## 1. Decision Tree Regressor - complete

In [1]:
# Code to load data
import pandas as pd
from sklearn.metrics import mean_absolute_error
from sklearn.model_selection import train_test_split
from sklearn.tree import DecisionTreeRegressor


# Path of the file to read
iowa_file_path = 'train.csv'

home_data = pd.read_csv(iowa_file_path)
# Create target object and call it y
y = home_data.SalePrice
# Create X
features = ['LotArea', 'YearBuilt', '1stFlrSF', '2ndFlrSF', 'FullBath', 'BedroomAbvGr', 'TotRmsAbvGrd']
X = home_data[features]

# Split into validation and training data
train_X, val_X, train_y, val_y = train_test_split(X, y, random_state=1)

# Specify Model
iowa_model = DecisionTreeRegressor(random_state=1)
# Fit Model
iowa_model.fit(train_X, train_y)

# Make validation predictions and calculate mean absolute error
val_predictions = iowa_model.predict(val_X)
val_mae_simple = mean_absolute_error(val_predictions, val_y)
print("Validation MAE: {:,.0f}".format(val_mae_simple))


Validation MAE: 29,653


In [29]:
def get_mae(max_leaf_nodes, train_X, val_X, train_y, val_y):
    model = DecisionTreeRegressor(max_leaf_nodes=max_leaf_nodes, random_state=0)
    model.fit(train_X, train_y)
    preds_val = model.predict(val_X)
    mae = mean_absolute_error(val_y, preds_val)
    return(mae)


# candidate_max_leaf_nodes = [1500]
candidate_max_leaf_nodes = [2*i-1 for i in range(2, 75)]

best_mae = None

# Write loop to find the ideal tree size from candidate_max_leaf_nodes
for leaf_node in candidate_max_leaf_nodes:
    my_mae = get_mae(leaf_node, train_X, val_X, train_y, val_y)
    print(f'Max leaf nodes: {leaf_node}\tMean Absolute Error: {my_mae}')
    if best_mae is None or my_mae<best_mae:
        best_mae = my_mae
        best_tree_size = leaf_node

# Store the best value of max_leaf_nodes 
print('\nBest tree size:', best_tree_size)

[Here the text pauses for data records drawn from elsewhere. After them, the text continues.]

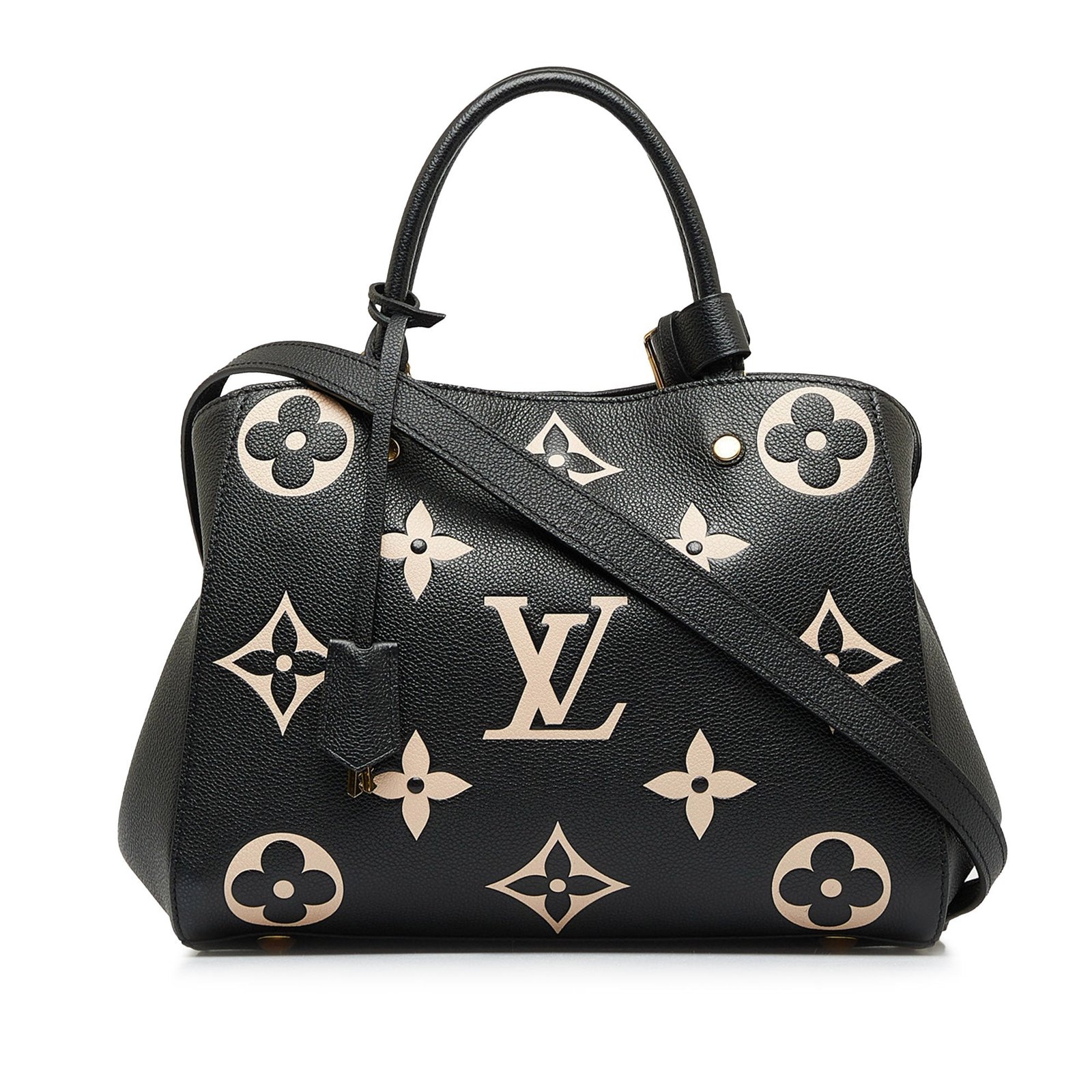 The Louis Vuitton Montaigne handbag was named after a magnificent shopping street in Paris. Slightly sloping sides and a narrower top lend the Bag a confident elegance. The interior is lined with striped textile lining and is extremely versatile. It has a central zipped compartment, a larger open compartment and 2 smaller open compartments. The Bag has two handles on the top and a detachable shoulder strap, making it suitable for different carrying options and perfect for everyday use.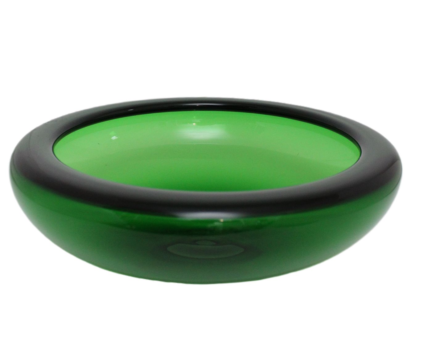 Holmegaard, Provence/Arne skål designet af Per Lütken i 1955. Flad skål i mellemstørrelse, ædelgrønt glas i god stand med enkelte brugsspor og ridser. Signeret Holmegaard PL17792. Højde 7,5 cm. Diameter 26 cm. Pris: 375 kr.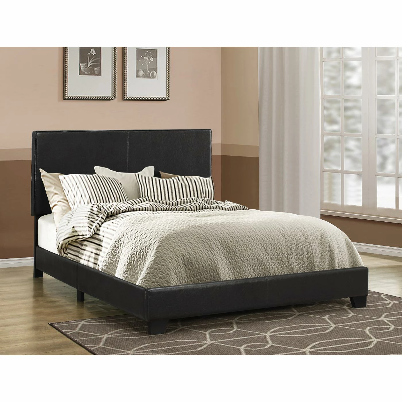 Do away with your big-box bed frame and replace it with the Coaster Furniture Dorian Upholstered Bed. This low-profile bed has a rich color and minimalist look that easily suits a wide variety of decorating styles. Thick pine hardwood constructs the frame, bolstered by engineered wood and block feet. For comfort, every inch of the frame and rectangular headboard comes padded with dense foam. Gorgeous leatherette fabric upholsters the piece. Select from available color and size options.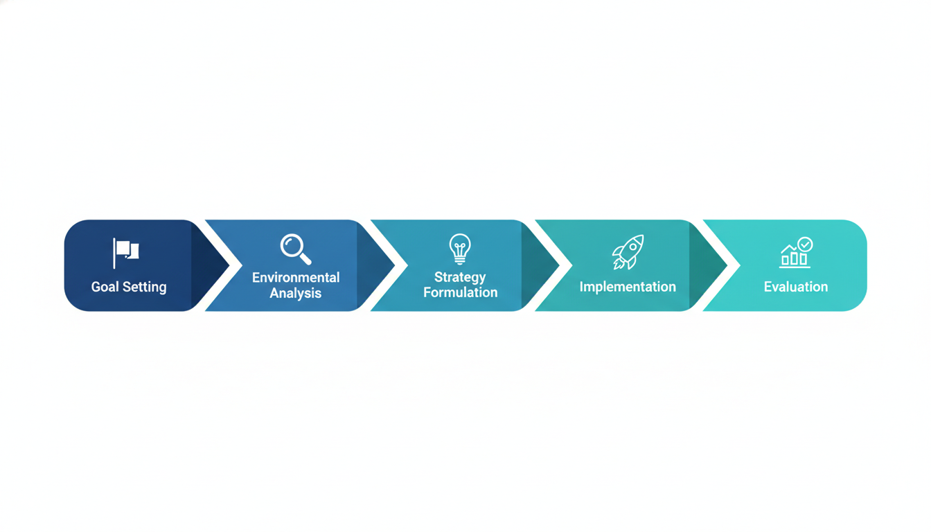The strategic management process is a structured approach that helps organizations move from where they are to where they want to be. Most experts break it down into five clear stages.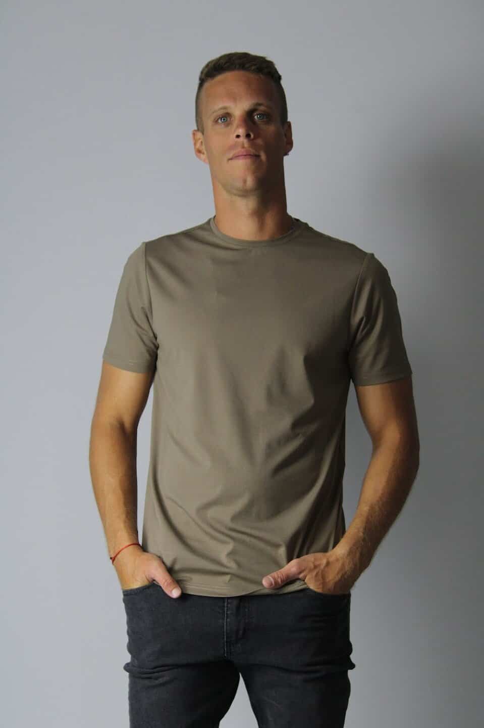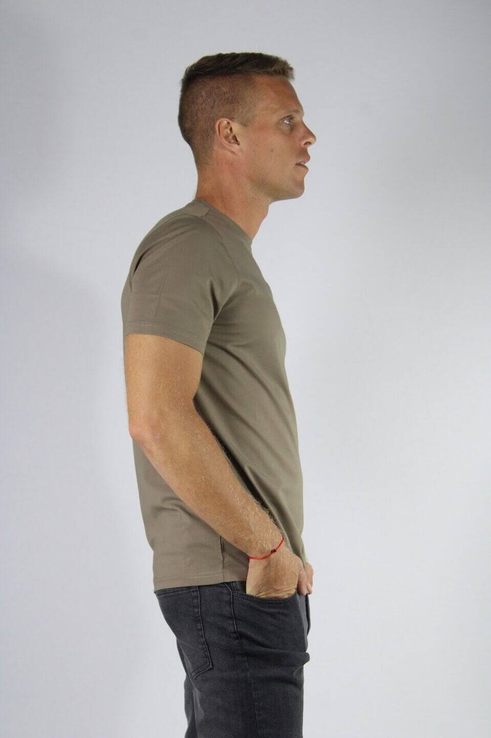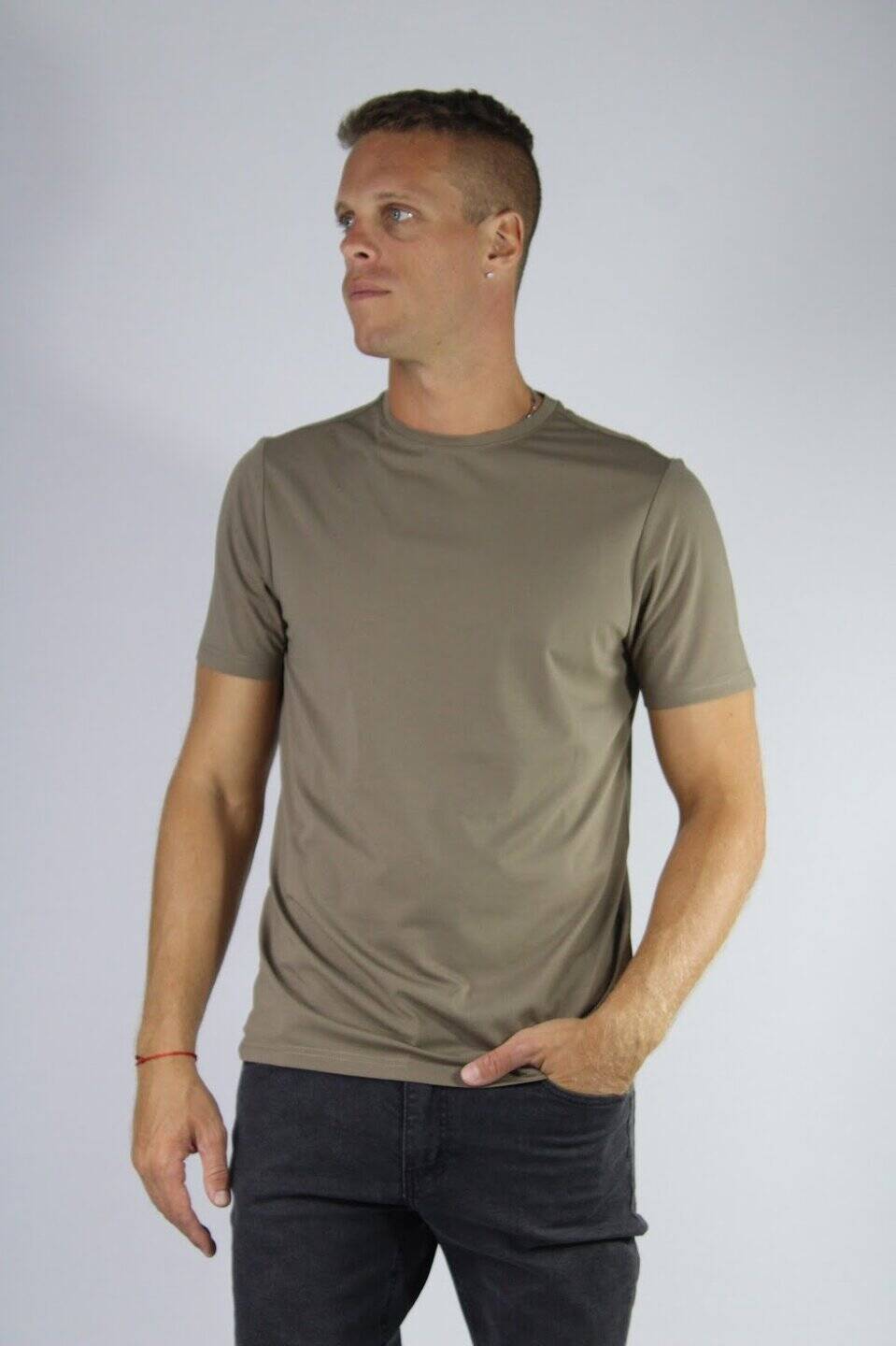 Remera tela premium modelo “Owen” en color visón lisa con cuello redondo.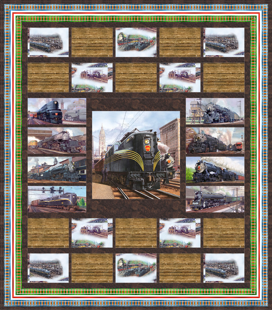 Train vignettes alternate with wood paneling, set off with a Hoffman hand-dyed sashing. The clever border is made out of a colorful train track design, picking up on the bright accents in the train collection.

Max leaf nodes: 3	Mean Absolute Error: 39912.20512711714
Max leaf nodes: 5	Mean Absolute Error: 35044.51299744237
Max leaf nodes: 7	Mean Absolute Error: 34769.10089767185
Max leaf nodes: 9	Mean Absolute Error: 31863.851616036944
Max leaf nodes: 11	Mean Absolute Error: 30389.783612505194
Max leaf nodes: 13	Mean Absolute Error: 29124.908937039498
Max leaf nodes: 15	Mean Absolute Error: 28125.478430318668
Max leaf nodes: 17	Mean Absolute Error: 27807.663665995344
Max leaf nodes: 19	Mean Absolute Error: 28648.267042530915
Max leaf nodes: 21	Mean Absolute Error: 28750.331097785598
Max leaf nodes: 23	Mean Absolute Error: 28653.86284944501
Max leaf nodes: 25	Mean Absolute Error: 29016.41319191076
Max leaf nodes: 27	Mean Absolute Error: 28616.229360696358
Max leaf nodes: 29	Mean Absolute Error: 28704.92928766505
Max leaf nodes: 31	Mean Absolute Error: 28994.467469483232
Max leaf nodes: 33	Mean Absolute Error: 28355.08322598861
Max leaf nodes: 35	Mean Absolute Error: 28761.35218024895
Max leaf 

In [23]:
# FINAL MODEL

# Fill in argument to make optimal size and uncomment
iowa_model = DecisionTreeRegressor(max_leaf_nodes=best_tree_size)

# fit the final model
iowa_model.fit(train_X, train_y)

val_predictions = iowa_model.predict(val_X)

val_mae = mean_absolute_error(val_predictions, val_y)
print("Validation MAE for best value of candidate_max_leaf_nodes: \t {:,.0f}".format(val_mae))
print("Validation MAE when not specifying candidate_max_leaf_nodes: \t {:,.0f}".format(val_mae_simple))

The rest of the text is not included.